▶ [RECORD EXTRACTS]
──────────
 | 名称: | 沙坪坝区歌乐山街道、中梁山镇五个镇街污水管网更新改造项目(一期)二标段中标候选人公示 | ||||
──────────
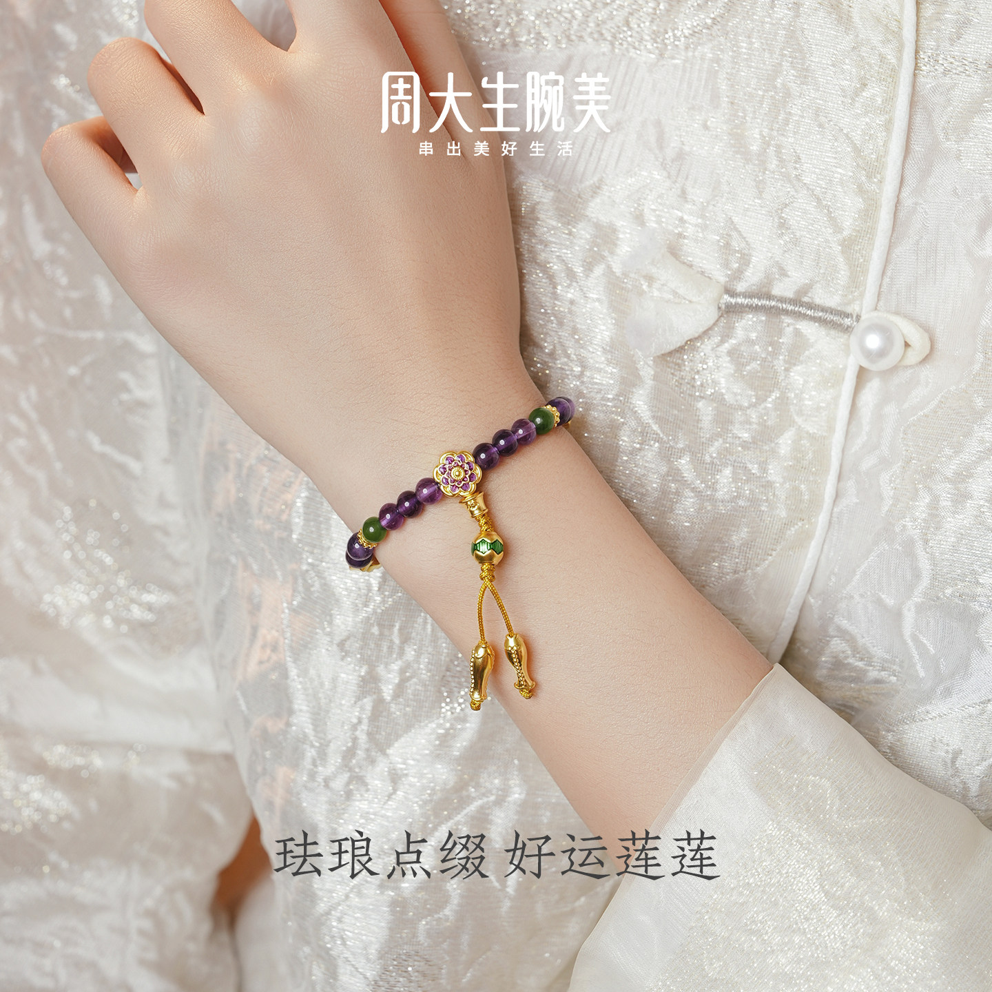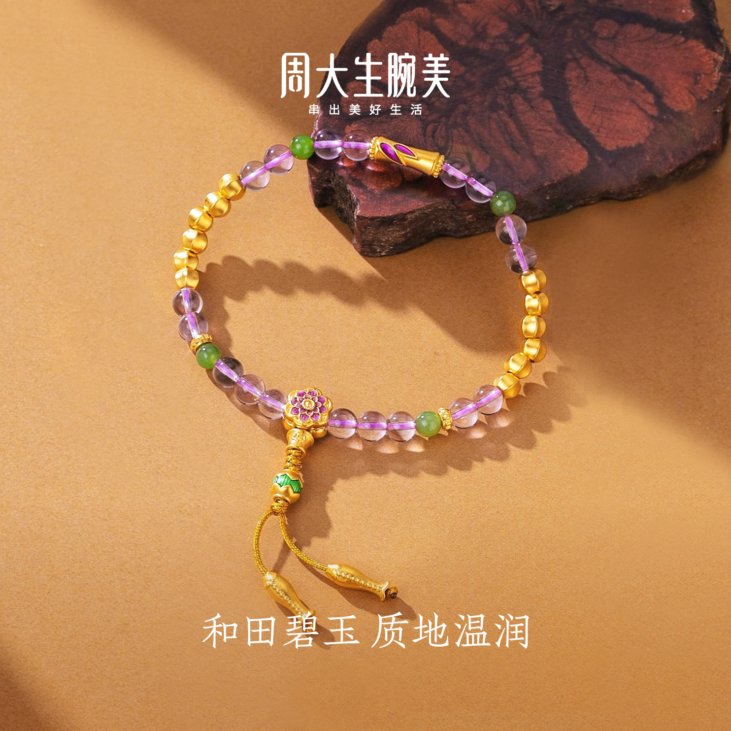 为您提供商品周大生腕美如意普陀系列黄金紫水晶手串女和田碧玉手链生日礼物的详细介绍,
──────────
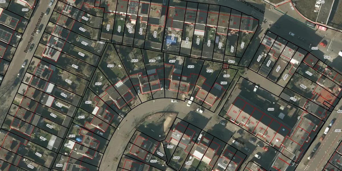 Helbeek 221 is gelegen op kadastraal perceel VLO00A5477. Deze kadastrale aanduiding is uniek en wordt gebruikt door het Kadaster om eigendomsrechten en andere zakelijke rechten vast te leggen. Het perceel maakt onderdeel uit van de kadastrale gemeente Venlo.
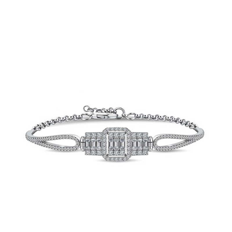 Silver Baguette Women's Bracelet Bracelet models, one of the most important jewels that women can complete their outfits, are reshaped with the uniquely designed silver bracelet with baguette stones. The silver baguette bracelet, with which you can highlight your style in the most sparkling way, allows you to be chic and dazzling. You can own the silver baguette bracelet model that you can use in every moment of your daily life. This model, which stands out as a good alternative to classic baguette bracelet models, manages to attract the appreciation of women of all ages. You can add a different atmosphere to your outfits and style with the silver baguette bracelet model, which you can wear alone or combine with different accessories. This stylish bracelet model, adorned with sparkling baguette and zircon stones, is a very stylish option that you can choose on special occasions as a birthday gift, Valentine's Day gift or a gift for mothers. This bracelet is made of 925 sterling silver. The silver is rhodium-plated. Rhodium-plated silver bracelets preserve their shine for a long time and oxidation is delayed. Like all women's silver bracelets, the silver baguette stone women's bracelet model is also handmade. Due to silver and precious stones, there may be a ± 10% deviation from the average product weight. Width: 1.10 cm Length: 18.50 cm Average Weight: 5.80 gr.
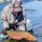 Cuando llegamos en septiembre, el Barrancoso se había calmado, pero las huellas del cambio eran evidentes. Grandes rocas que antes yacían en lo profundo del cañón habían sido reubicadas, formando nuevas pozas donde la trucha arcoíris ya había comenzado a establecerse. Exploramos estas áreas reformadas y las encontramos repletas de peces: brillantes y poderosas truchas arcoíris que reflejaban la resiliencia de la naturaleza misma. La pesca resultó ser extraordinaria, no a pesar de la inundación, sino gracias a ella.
──────────
▶ [TASK ITEM]
Using the data above, retype exactly the lines from the line with "Silver Baguette Women's" to the line with "Cuando llegamos en", inclusive. No pictures and nothing else.

▶ [RESPONSE TO THE EXERCISE]
 Silver Baguette Women's Bracelet Bracelet models, one of the most important jewels that women can complete their outfits, are reshaped with the uniquely designed silver bracelet with baguette stones. The silver baguette bracelet, with which you can highlight your style in the most sparkling way, allows you to be chic and dazzling. You can own the silver baguette bracelet model that you can use in every moment of your daily life. This model, which stands out as a good alternative to classic baguette bracelet models, manages to attract the appreciation of women of all ages. You can add a different atmosphere to your outfits and style with the silver baguette bracelet model, which you can wear alone or combine with different accessories. This stylish bracelet model, adorned with sparkling baguette and zircon stones, is a very stylish option that you can choose on special occasions as a birthday gift, Valentine's Day gift or a gift for mothers. This bracelet is made of 925 sterling silver. The silver is rhodium-plated. Rhodium-plated silver bracelets preserve their shine for a long time and oxidation is delayed. Like all women's silver bracelets, the silver baguette stone women's bracelet model is also handmade. Due to silver and precious stones, there may be a ± 10% deviation from the average product weight. Width: 1.10 cm Length: 18.50 cm Average Weight: 5.80 gr.
 Cuando llegamos en septiembre, el Barrancoso se había calmado, pero las huellas del cambio eran evidentes. Grandes rocas que antes yacían en lo profundo del cañón habían sido reubicadas, formando nuevas pozas donde la trucha arcoíris ya había comenzado a establecerse. Exploramos estas áreas reformadas y las encontramos repletas de peces: brillantes y poderosas truchas arcoíris que reflejaban la resiliencia de la naturaleza misma. La pesca resultó ser extraordinaria, no a pesar de la inundación, sino gracias a ella.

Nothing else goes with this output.